• _TASK DESCRIPTION_: Could you please transcribe the data exactly, without the pictures?

• _TASK INPUTS_:
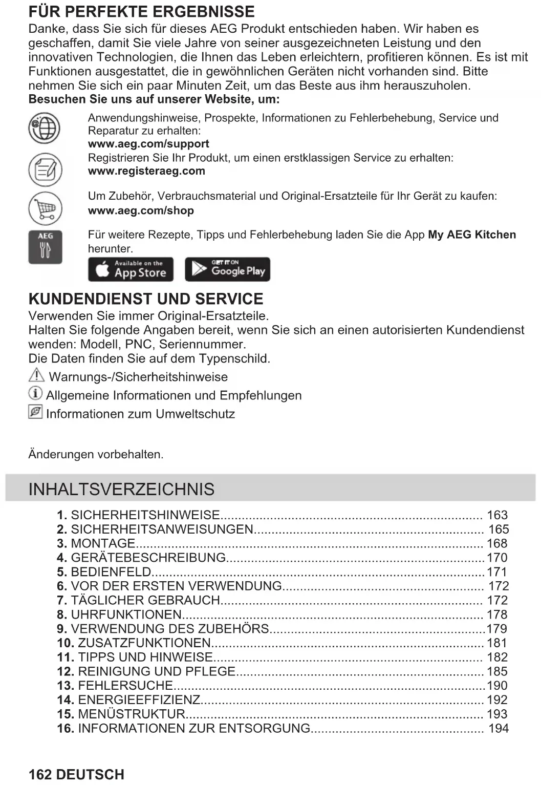 Danke, dass Sie sich für dieses AEG Produkt entschieden haben. Wir haben es geschaffen, damit Sie viele Jahre von seiner ausgezeichneten Leistung und den innovativen Technologien, die Ihnen das Leben erleichtern, profitieren können. Es ist mit Funktionen ausgestattet, die in gewöhnlichen Geräten nicht vorhanden sind. Bitte nehmen Sie sich ein paar Minuten Zeit, um das Beste aus ihm herauszuholen. Besuchen Sie uns auf unserer Website, um: Anwendungshinweise, Prospekte, Informationen zu Fehlerbehebung, Service undReparatur zu erhalten:www.aeg.com/supportRegistrieren Sie Ihr Produkt, um einen erstklassigen Service zu erhalten:www.registeraeg.comUm Zubehör, Verbrauchsmaterial und Original-Ersatzteile für Ihr Gerät zu kaufen:www.aeg.com/shopFür weitere Rezepte, Tipps und Fehlerbehebung laden Sie die App My AEG Kitchenherunter.
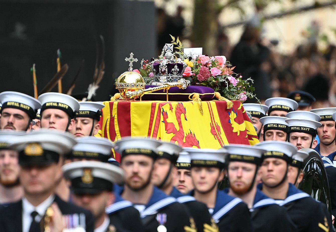 国葬後、ウィンザー城に向けて市中心部を進むエリザベス女王のひつぎ=2022年9月19日、イギリス・ロンドン
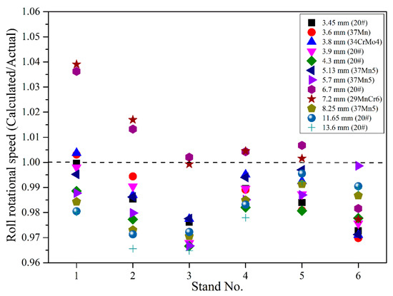 As can be seen from the comparison, the calculated results agreed well with the satisfactory actual roll rotational speed in field operation. In the involved experimental rolling cases, the maximum additional adjustment of the roll rotational speed in field operation was 3.9%, i.e., the maximum ratio of the calculated Vrpm to the actual satisfactory Vrpm in field operation is 1.039, which is at the roll pass 1 corresponding to the rolling schedule, with the finished tube wall thickness being 7.92 mm and the steel grade being 29MnCr6 (see Figure 11).
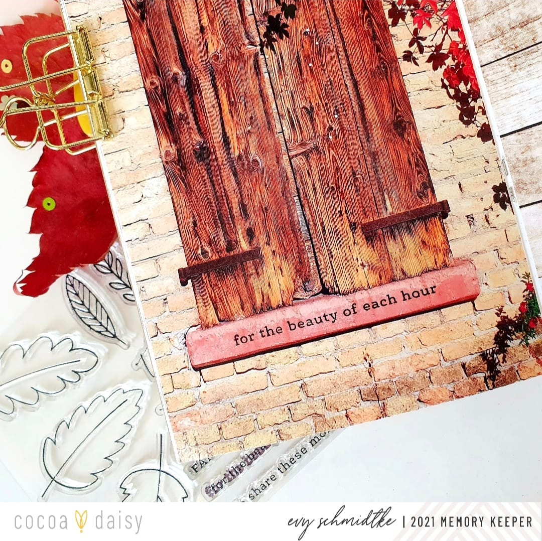 “When I opened the Gather Classified: Memory Keeping Kit, I immediately thought of using gesso with the oak leaf stencil.
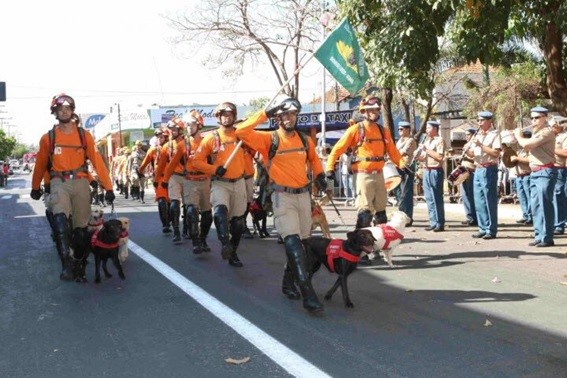 O CBRESC participou também do desfile cívico-militar na cidade de Trindade em comemoração ao seu 96º aniversário. Durante o evento, os cães foram bastante admirados pelo público em geral. Todos curiosos para saber sobre esses animais que prestam um belo serviço à comunidade junto aos bombeiros. Já na sexta feira, 1º de setembro, os alunos tiveram uma instrução de Cinoterapia (terapia com cães) com o Capitão Rodrigo, do Corpo de Bombeiros Miliar de Mato Grosso do Sul (CBMMS). O militar, pioneiro do serviço no Estado do Mato Grosso do Sul, relatou experiências e ensinou técnicas para o desenvolvimento desse tipo de atividade. Ainda na sexta-feira, já no período da tarte, o CBRESC participou da apresentação das instalações do 1º Batalhão Bombeiro Militar (1º BBM), no centro de Goiânia, aos novos cadetes da Corporação. Na oportunidade, o serviço com cães foi divulgado aos recém-chegados. Alguns demonstraram interesse em participar, no futuro, da equipe de Busca, Resgate e Salvamento com cães (BRESC).
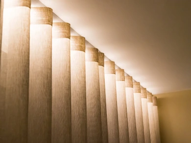 For the most elegant result, install the DS-XL® LED with ceiling brackets so the track fits seamlessly against the ceiling. Combine it with our FES system for wave pleat to create a beautifully uniform look. We also recommend using lighter, thinner fabrics to let the light gently shine through.
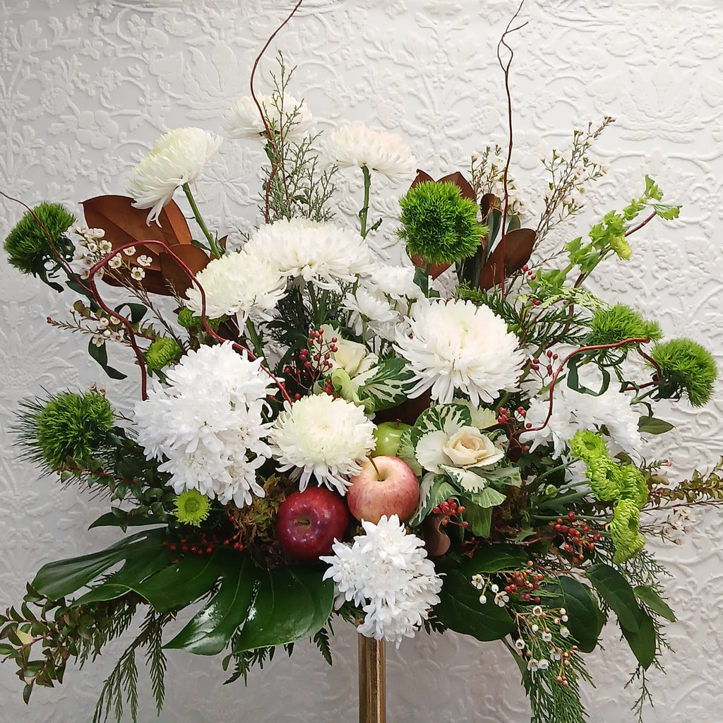 Each arrangement is crafted using the florist’s best seasonal blooms and vessels in calming green and white tones. Our designs are intentionally created to be suitable not only for the service, but also for a loved one’s home afterwards—making them a lasting gesture of comfort and support.
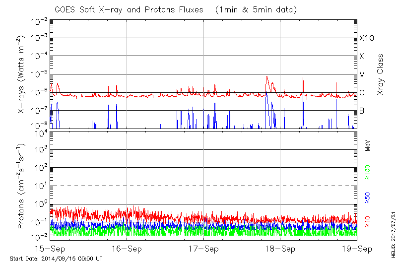 This page provides light-curves generated from GOES soft X-ray and Particle data for the date indicated at the top and the preceding three days.
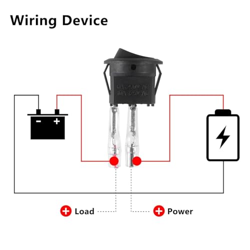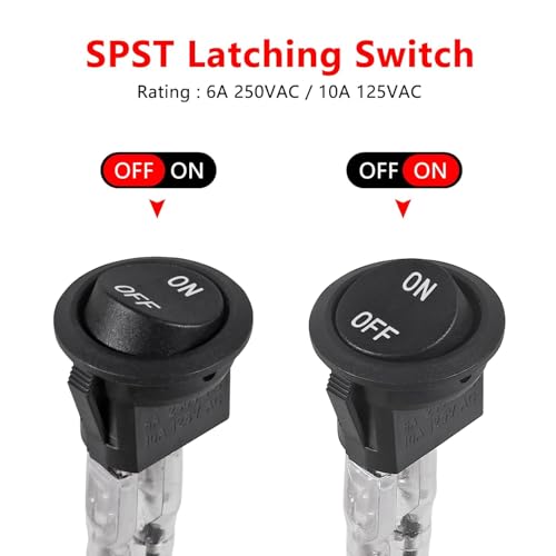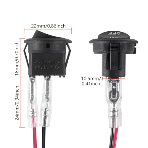 20PCS Round-Square Rocker Switch ON/Off Latching Toggle Switch SPST 2Pin with Pre-Wired 6A/250V 10A/125V AC for Car Automotive RV 2 Pin Switch
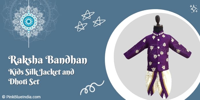 Silk Jacket and Dhoti Set makes an elegant Rakhi kids ethnic wear to dress up your little boys. He is going to win many hearts dressed with this traditional purple coloured Raksha Bandhan Silk Jacket and Dhoti for baby boy which makes an awesome clothing for festivals like these. Lovely kids Dhoti online which makes a delightful Indian ethnic dress to dress him for special occasions and festivities.
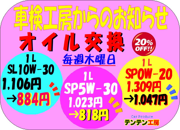 ★オイル交換 毎週木曜日(20%OFF)
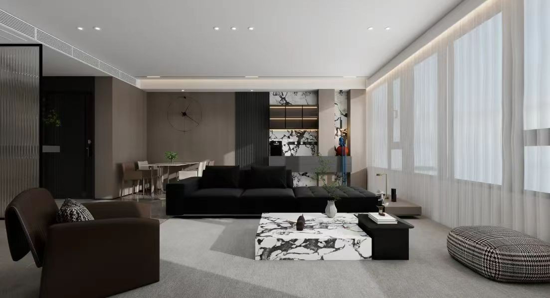 深灰地砖铺陈,意式极简客厅沉稳干练
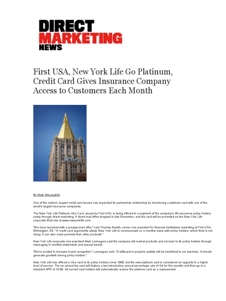 First Usa New York Life Go Platinum Credit Card Gives Insurance
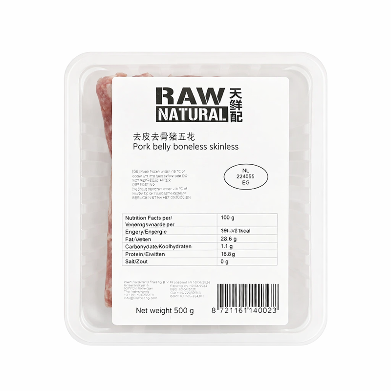 Raw Natural Varkensbuik Zonder Bot Zonder Huid - 500 g
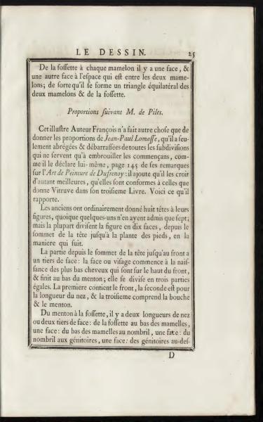 This illustrious French author has done nothing other than give the proportions of Jean-Paul Lomasle, which he has merely shortened and stripped of all subdivisions that only serve to confuse beginners, as he declares himself on page 145 of his remarks on Dufresnoy’s Art of Painting: he adds that he believes them to be better, as they conform to those given by Vitruvius in his third book. Here is his report.

• _TASK OUTPUT_:
 Danke, dass Sie sich für dieses AEG Produkt entschieden haben. Wir haben es geschaffen, damit Sie viele Jahre von seiner ausgezeichneten Leistung und den innovativen Technologien, die Ihnen das Leben erleichtern, profitieren können. Es ist mit Funktionen ausgestattet, die in gewöhnlichen Geräten nicht vorhanden sind. Bitte nehmen Sie sich ein paar Minuten Zeit, um das Beste aus ihm herauszuholen. Besuchen Sie uns auf unserer Website, um: Anwendungshinweise, Prospekte, Informationen zu Fehlerbehebung, Service undReparatur zu erhalten:www.aeg.com/supportRegistrieren Sie Ihr Produkt, um einen erstklassigen Service zu erhalten:www.registeraeg.comUm Zubehör, Verbrauchsmaterial und Original-Ersatzteile für Ihr Gerät zu kaufen:www.aeg.com/shopFür weitere Rezepte, Tipps und Fehlerbehebung laden Sie die App My AEG Kitchenherunter.
 国葬後、ウィンザー城に向けて市中心部を進むエリザベス女王のひつぎ=2022年9月19日、イギリス・ロンドン
 As can be seen from the comparison, the calculated results agreed well with the satisfactory actual roll rotational speed in field operation. In the involved experimental rolling cases, the maximum additional adjustment of the roll rotational speed in field operation was 3.9%, i.e., the maximum ratio of the calculated Vrpm to the actual satisfactory Vrpm in field operation is 1.039, which is at the roll pass 1 corresponding to the rolling schedule, with the finished tube wall thickness being 7.92 mm and the steel grade being 29MnCr6 (see Figure 11).
 “When I opened the Gather Classified: Memory Keeping Kit, I immediately thought of using gesso with the oak leaf stencil.
 O CBRESC participou também do desfile cívico-militar na cidade de Trindade em comemoração ao seu 96º aniversário. Durante o evento, os cães foram bastante admirados pelo público em geral. Todos curiosos para saber sobre esses animais que prestam um belo serviço à comunidade junto aos bombeiros. Já na sexta feira, 1º de setembro, os alunos tiveram uma instrução de Cinoterapia (terapia com cães) com o Capitão Rodrigo, do Corpo de Bombeiros Miliar de Mato Grosso do Sul (CBMMS). O militar, pioneiro do serviço no Estado do Mato Grosso do Sul, relatou experiências e ensinou técnicas para o desenvolvimento desse tipo de atividade. Ainda na sexta-feira, já no período da tarte, o CBRESC participou da apresentação das instalações do 1º Batalhão Bombeiro Militar (1º BBM), no centro de Goiânia, aos novos cadetes da Corporação. Na oportunidade, o serviço com cães foi divulgado aos recém-chegados. Alguns demonstraram interesse em participar, no futuro, da equipe de Busca, Resgate e Salvamento com cães (BRESC).
 For the most elegant result, install the DS-XL® LED with ceiling brackets so the track fits seamlessly against the ceiling. Combine it with our FES system for wave pleat to create a beautifully uniform look. We also recommend using lighter, thinner fabrics to let the light gently shine through.
 Each arrangement is crafted using the florist’s best seasonal blooms and vessels in calming green and white tones. Our designs are intentionally created to be suitable not only for the service, but also for a loved one’s home afterwards—making them a lasting gesture of comfort and support.
 This page provides light-curves generated from GOES soft X-ray and Particle data for the date indicated at the top and the preceding three days.
 20PCS Round-Square Rocker Switch ON/Off Latching Toggle Switch SPST 2Pin with Pre-Wired 6A/250V 10A/125V AC for Car Automotive RV 2 Pin Switch
 Silk Jacket and Dhoti Set makes an elegant Rakhi kids ethnic wear to dress up your little boys. He is going to win many hearts dressed with this traditional purple coloured Raksha Bandhan Silk Jacket and Dhoti for baby boy which makes an awesome clothing for festivals like these. Lovely kids Dhoti online which makes a delightful Indian ethnic dress to dress him for special occasions and festivities.
 ★オイル交換 毎週木曜日(20%OFF)
 深灰地砖铺陈,意式极简客厅沉稳干练
 First Usa New York Life Go Platinum Credit Card Gives Insurance
 Raw Natural Varkensbuik Zonder Bot Zonder Huid - 500 g
 This illustrious French author has done nothing other than give the proportions of Jean-Paul Lomasle, which he has merely shortened and stripped of all subdivisions that only serve to confuse beginners, as he declares himself on page 145 of his remarks on Dufresnoy’s Art of Painting: he adds that he believes them to be better, as they conform to those given by Vitruvius in his third book. Here is his report.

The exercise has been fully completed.